### Quick, dirty and shallow definitions

#### by Matthias Puech

Here is a quick hack. A few months ago, I advocated for pointer equality in OCaml (==) as a way to deal with fresh symbols in a toy compiler. Today, I’ll show another application of pointer equality: how to trivially implement a mechanism of definitions, to e.g. pretty-print programs in a more readable way. Once again, this is really easy, but I never heard of such a trick, so here it is.

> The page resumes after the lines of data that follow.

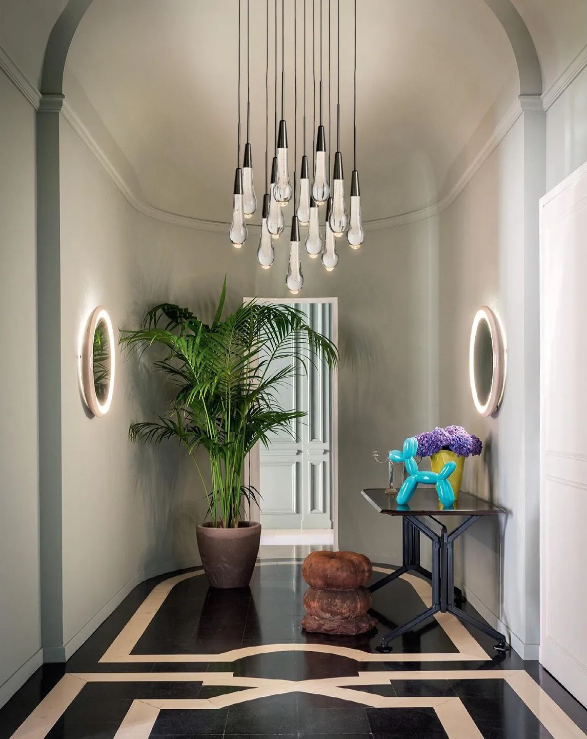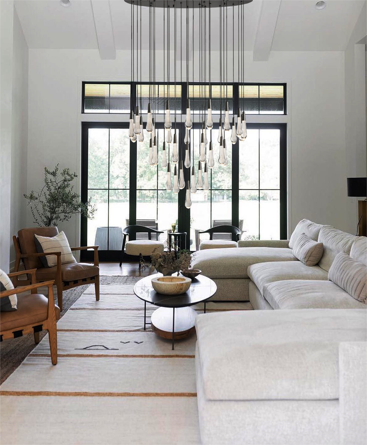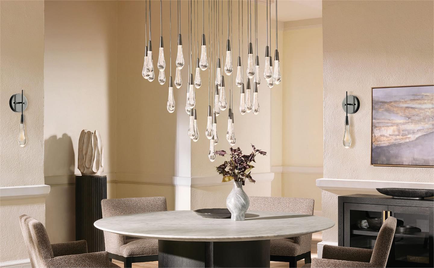 Enhance your space with the captivating Soltaire Round Chandelier. Crafted with care, this chandelier features adjustable black PVC cords gracefully flowing into integrated LED lights. The handcrafted seeded glass design effortlessly emulates the beauty of a glistening raindrop. Illuminate your surroundings with elegance and sophistication.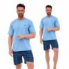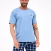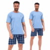 Bawełniana piżama męska to komfortowy i praktyczny komplet, idealny na ciepłe noce i letni relaks w domu. Koszulka z krótkim rękawem i półokrągłym dekoltem zapewnia swobodę ruchów i wygodę noszenia, a subtelny nadruk na piersi dodaje zestawowi nowoczesnego charakteru. Krótkie spodenki w klasyczną kratę gwarantują komfort i przewiewność, a elastyczna gumka w pasie obszyta bawełną zapewnia idealne dopasowanie do sylwetki bez ucisku. Koszulka wykonana jest z materiału w składzie 80% bawełna i 20% poliester, co zwiększa trwałość i odporność na codzienne użytkowanie, natomiast spodenki w 100% z bawełny są miękkie i przyjazne dla skóry.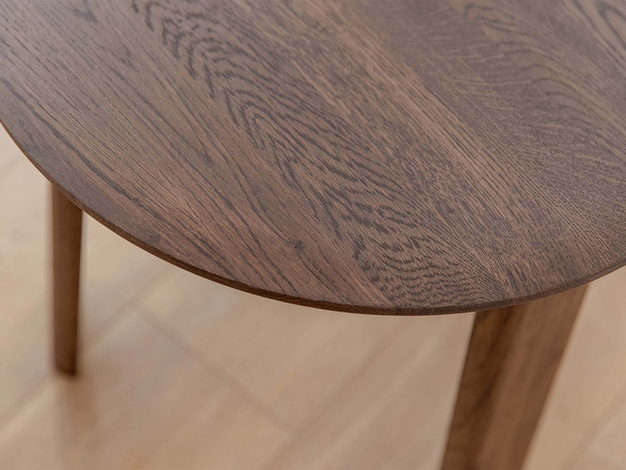 Klasyczny nowoczesny dębowy stolik Asento wyróżnia się nie tylko pięknym designem, ale przede wszystkim naturalnością materiału. Lite drewno dębowe w kolorze tabacco zachwyca głębią barwy oraz widoczną strukturą słojów, które nadają każdemu egzemplarzowi niepowtarzalny charakter. To mebel, który nie potrzebuje dodatkowych zdobień – jego siła tkwi w prostocie i naturalnej elegancji.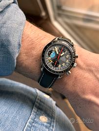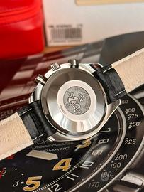 Se ti piacciono gli orologi vintage segui pure la mia pagina Instagram - Dimawatches - dove pubblico di volta in volta tutti i miei pezzi Prezzo pressocchè non trattabile Questo magnifico orologio nasce nel 1996 sotto la buona stella di un grandissimo campione di Formula 1,Michael Schumacher,all’epoca già vincitore di 2 mondiali ed ambasciatore Omega. Omega Speedmaster Day Date Calendar Ref 3820.52.26 Questo splendido orologio si ispira al Flightmaster del 1969,cronografo per piloti,che come vedrete in foto aveva anch’esso diversi contatori e sfere di colori differenti. L’omega Speedmaster ha reinterpretato questo schema con l'indicazione giorno-notte blu e nera per i piccoli secondi ed ha mescolato i colori con sapienza,blu,giallo e rosso sono in una combinazione perfetta. Mosso dal Calibro 1151 Automatico basato sul Valjoux 7751 Movimento cronografico con finitura radiata Vetro zaffiro con trattamento antiriflesso Cassa acciaio da 39 mm Numeri arabi al trizio Cinturino in pelle generico con fibbia originale Condizioni fantastiche,guardate anche cassa e fondello,sembra quasi appena uscito dalla boutique. Unico segno del tempo visibile è sul vetro,a seconda della luce si scorge una specie di piccolo Non spedisco con Tutto Subito o Poste Italiane Molto Gradito ritiro a mano Non sono interessato a scambi con Cartier,Longines,Zenith,Seiko,Lanco,Tissot,Citizen,Bulova,Swatch,Eberhard,Oris,Squale,Doxa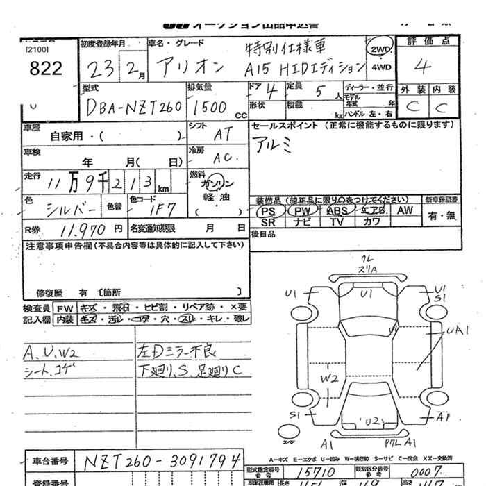 TOYOTA ALLION - лот 822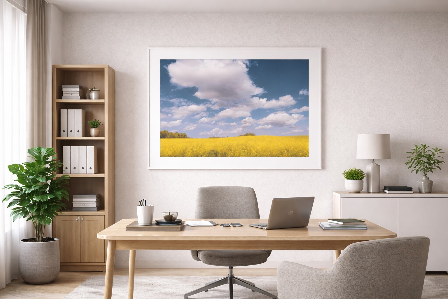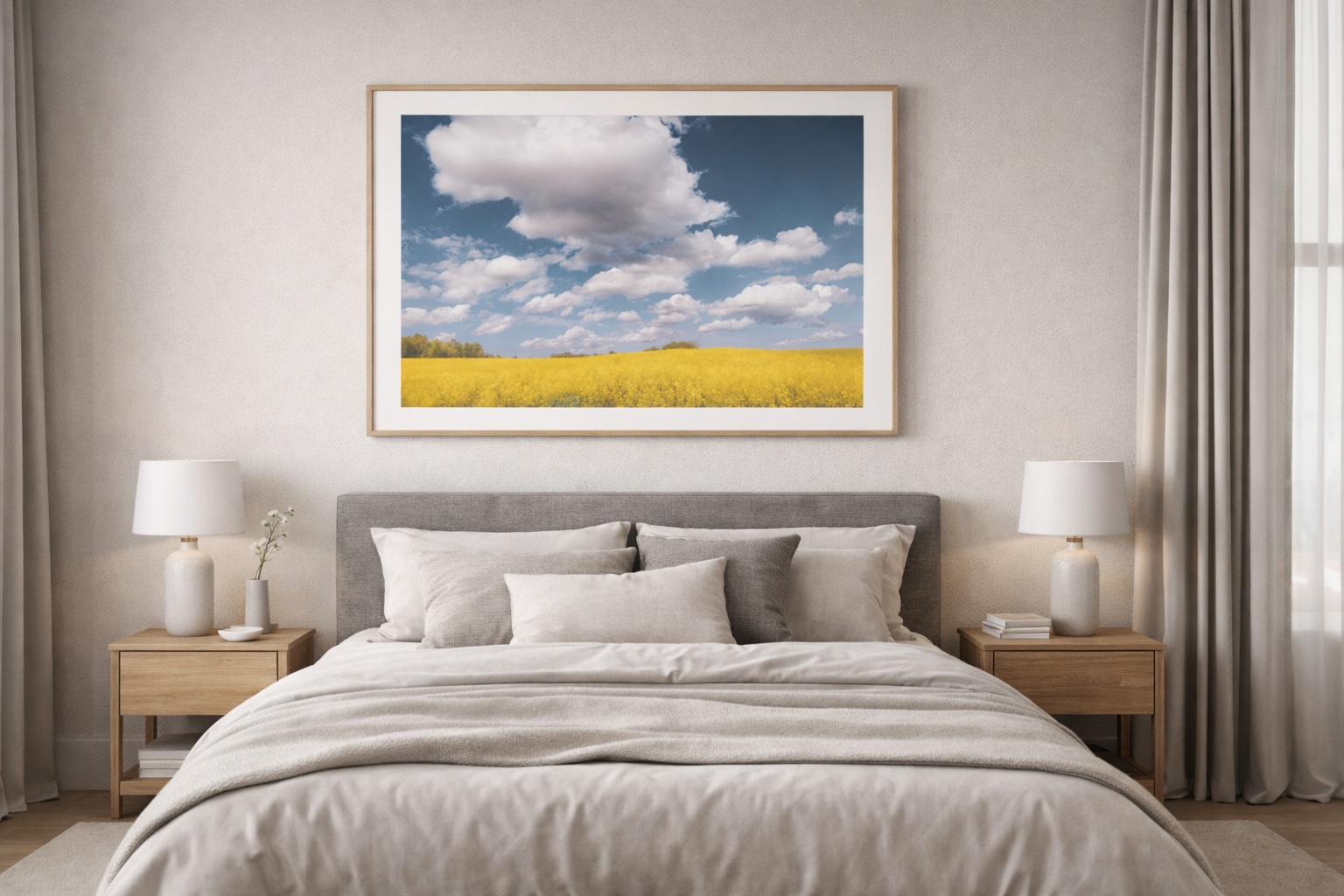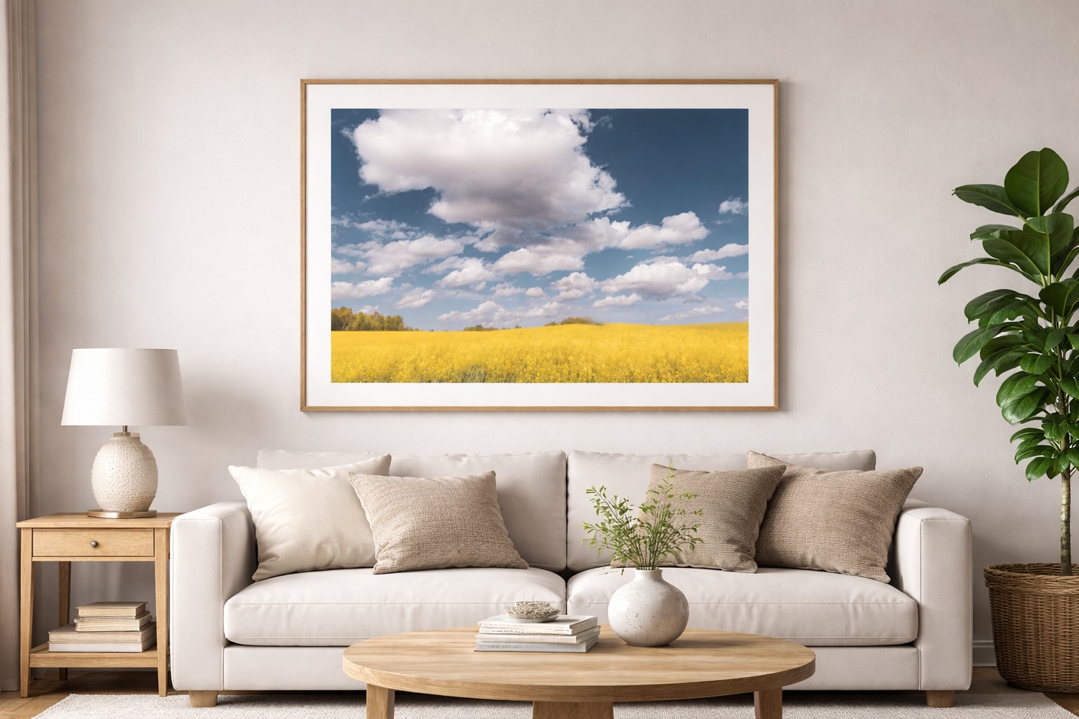Passing Clouds captures the suspended calm of an open landscape, where a vast sky drifts above a luminous field in bloom. The scene is shaped by a refined balance between earth and air: the golden expanse stretches quietly along the horizon while soft, voluminous clouds gather overhead, creating a sense of movement within stillness. This fine art photography print invites the eye into a wide, meditative space where scale becomes emotional as much as visual.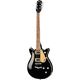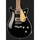 Im Gegensatz zu den anderen, meist sehr pompös wirkenden, Instrumenten von Gretsch gibt die G5222 Electromatic Double Jet BT V-St. Black ein nahezu spartanisches Bild ab. „Weniger Glanz, dafür mehr Rock 'n' Roll“, lautet die Devise dieser auf dem Double-Jet-Design basierenden Gitarre. Sie besteht aus einem gekammerten Mahagonikorpus mit Ahorndecke, einem Mahagonihals sowie zwei BroadTron-Pickups und erzeugt damit einen enorm druckvollen Klang. Die erschwingliche Ausführung der „Malcolm Young Gitarre“ besitzt weiterhin ein Thin-U-Halsprofil für eine komfortable Bespielbarkeit und zeigt sich durch ihre solide Hardware mit der Gretsch Adjusto-Matic-Brücke, dem schicken V-Stoptail-Saitenhalter und den DieCast-Mechaniken zuverlässig beim Halten der Stimmung. Darüber hinaus bietet der Mastervolume-Regler im unteren Cutaway weitere Möglichkeiten, um den Sound des Instruments jederzeit unter Kontrolle halten.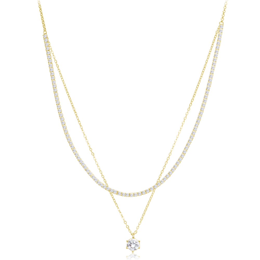 MINET Elegantní dvojitý pozlacený stříbrný náhrdelník s bílým zirkonemSkladem2 919 Kč/ ks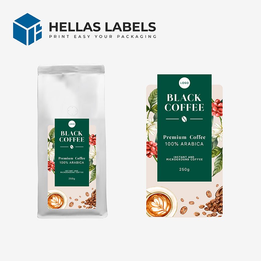 Προσαρμοσμένες ετικέτες καφέ τόσο μοναδικές όσο ο καφές σας! Οι ετικέτες βοηθούν στην προβολή της επωνυμίας σας και στην επικοινωνία με το τι να περιμένετε από τους κόκκους καφέ μέσα στη σακούλα. Μια προσαρμοσμένη τυπωμένη ετικέτα καφέ δελεάζει τους καταναλωτές με την υπόσχεση ενός νόστιμου φλιτζανιού που θα ενθουσιάσει τις αισθήσεις τους. Επωφεληθείτε από τις πρωτότυπες επιλογές μας. Με ελάχιστη ποσότητα παραγγελίας, 50 τεμάχια όλοι μπορούν να απολαμβάνουν τις υψηλότερης ποιότητας ετικέτες συσκευασίας καφέ.
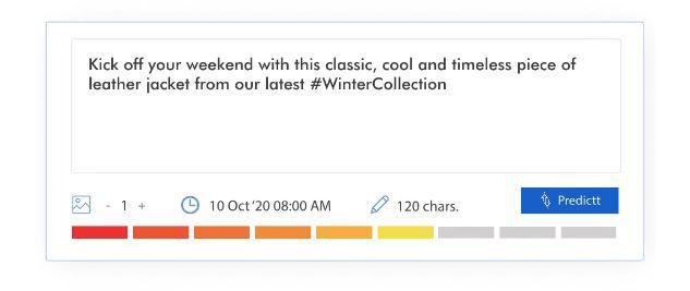 Write better posts and generate more engagement using AI. Know which post to publish with the engagement indicator. Overcome writer's block with endless AI-generated caption ideas. Predis.ai's proprietary algorithms recommend hashtags, caption ideas and suggestions to improve your post. Incorporate these changes to enhance your engagement and grow organically! Our proprietary AI algorithms predict the performance of the posts even before you publish. We can also tell you the right time to post, what media to use, how many users to tag. Interesting isn’t it? Having writer's block? We get it. We throw a lot of content ideas at you to keep you going. Additionally, our algorithms also suggest hashtags relevant to your post. Couple of clicks and understand what is working for your competition. No more time taking competitor analysis. Once our advanced NLP algorithms have worked their magic, start writing better posts.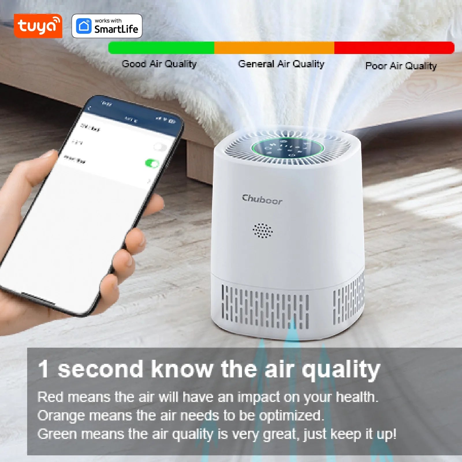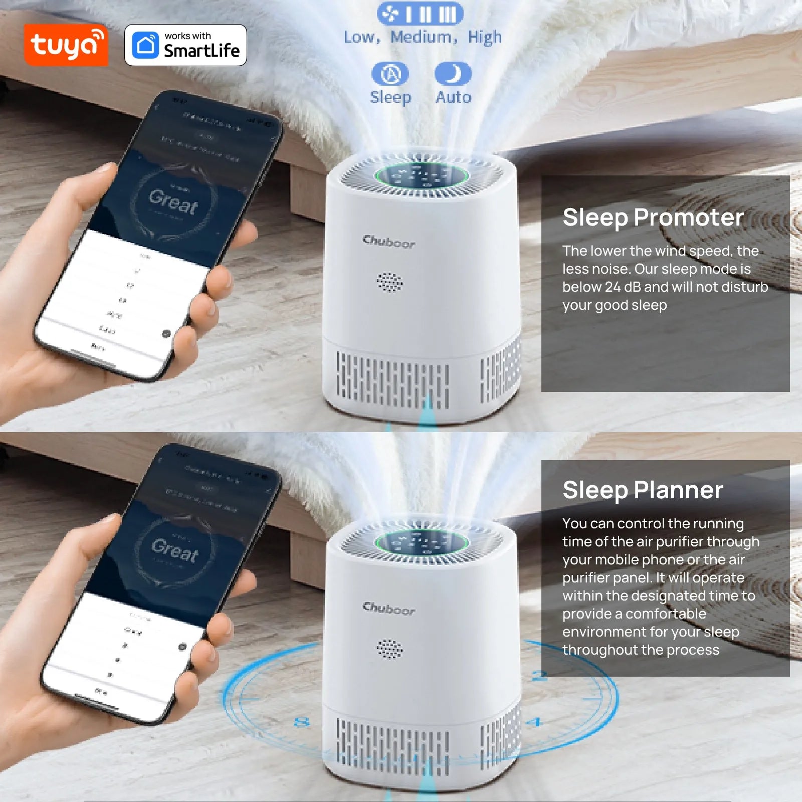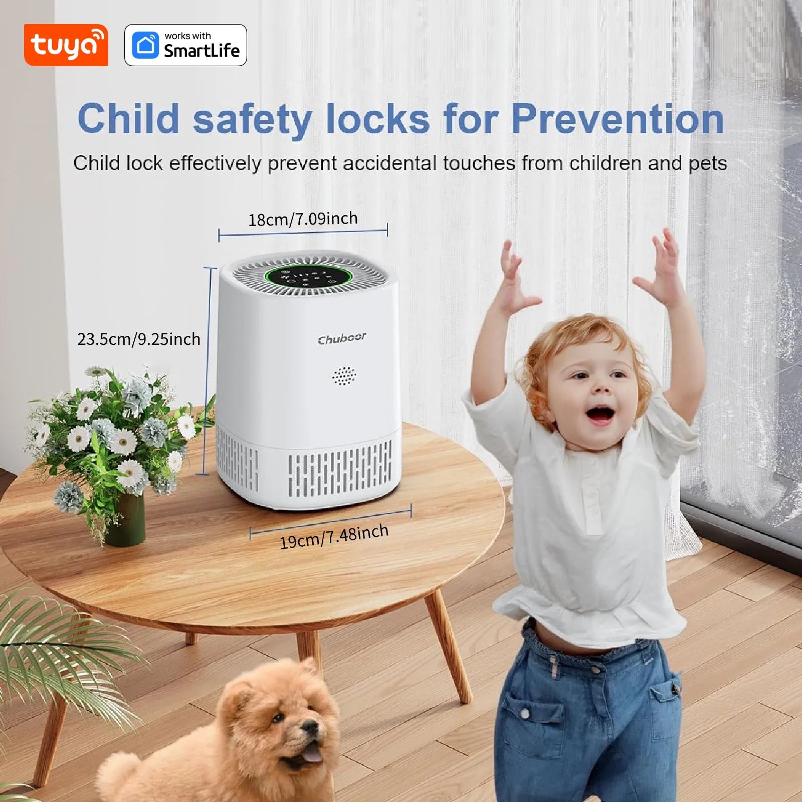PJ07 Pro Tuya Smart Air Purifier, App Control & Timer,24dB 3-Speed H13 HEPA+Carbon,15㎡for Office/Study/Baby Room, Alexa/Google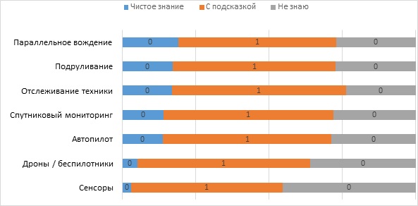 Стремительное развитие информационных и спутниковых технологий привело к появлению огромного количества различных современных решений для сельского хозяйства: БПЛА, карты-задания на основе индекса NDVI, спутниковые системы для контроля состояния культур на полях и многое, многое другое. На диаграмме (см. Диаграмма 1) отображены результаты опроса 1 783 российских фермеров, который провела компания Kleffmann Group в 2019 году.
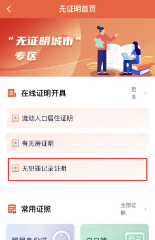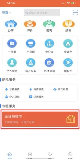 ①打开“我的常德”APP,点击“政务”-“无证明城市”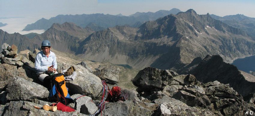 Le pic long 3192m est le plus haut des sommets pyrénéens entièrement français. Ce pic n'est pas facile à atteindre, toutes les voies demandes attention et l'expérience de la haute montagne, mais le panorama est grandiose : Ramoun, lac de Cap de Long, Estaragne, Campbieil... (Cliquez sur la photo pour afficher la légende) |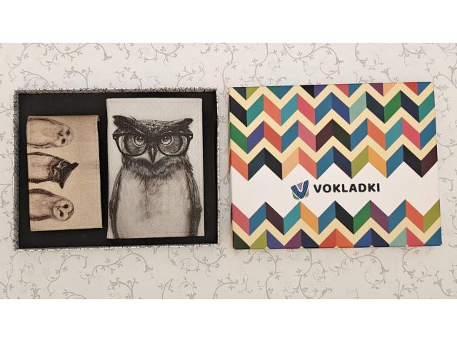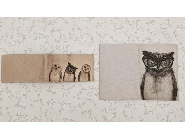 Продаётся новый набор, включающий в себя карманную визитницу (кляссер) и обложку для документов с изображениями символа в виде совы, олицетворяющей мудрость, знания, эрудицию и проницательность. Оба изделия изготовлены из натуральной кожи.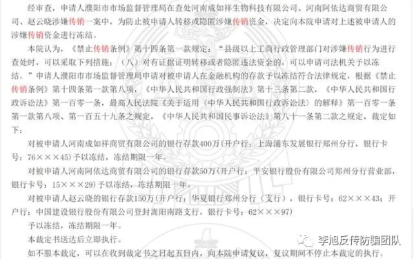 據(jù)《審查行政裁定書》顯示,經(jīng)審查,申請人濮陽市市場監(jiān)督管理局在查處河南成如祥生物科技有限公司、河南阿依達商貿(mào)有限公司、趙云曉涉嫌傳銷一案中,為防止被申請人轉(zhuǎn)移或隱匿涉嫌傳銷資金,決定向本院申請對上述被申請人的涉嫌傳銷資金進行凍結(jié)。

Have you ever implemented an quick prototype for a language, and be annoyed by the lack of definition mechanism? For instance, you define a small calculus and encode a few constructs to test it, but end up with outputs like:

((\n. \p. \f. \x. n f (p f x)) (\f. \x. f (f x)) (\f. \x. f (f x))) (\b. (\b. \x. \y. b x y) b (\x. \y. x) (\x. \y. x))

when you only wanted the system to print:

2 + 2

(these two constants being Church-encoded in the λ-calculus, FWIW).

One possibility, the Right One™, is to add a definition construct to your language, together with a map from name to definition:

type exp = | ... | Def of string type env = (string * exp) list type program = env * exp

Some would call this a *deep encoding* of definitions. But it is unfortunately very boring: for each function traversing your programs, you will now have to add a case that traverses constructs by looking up their definitions.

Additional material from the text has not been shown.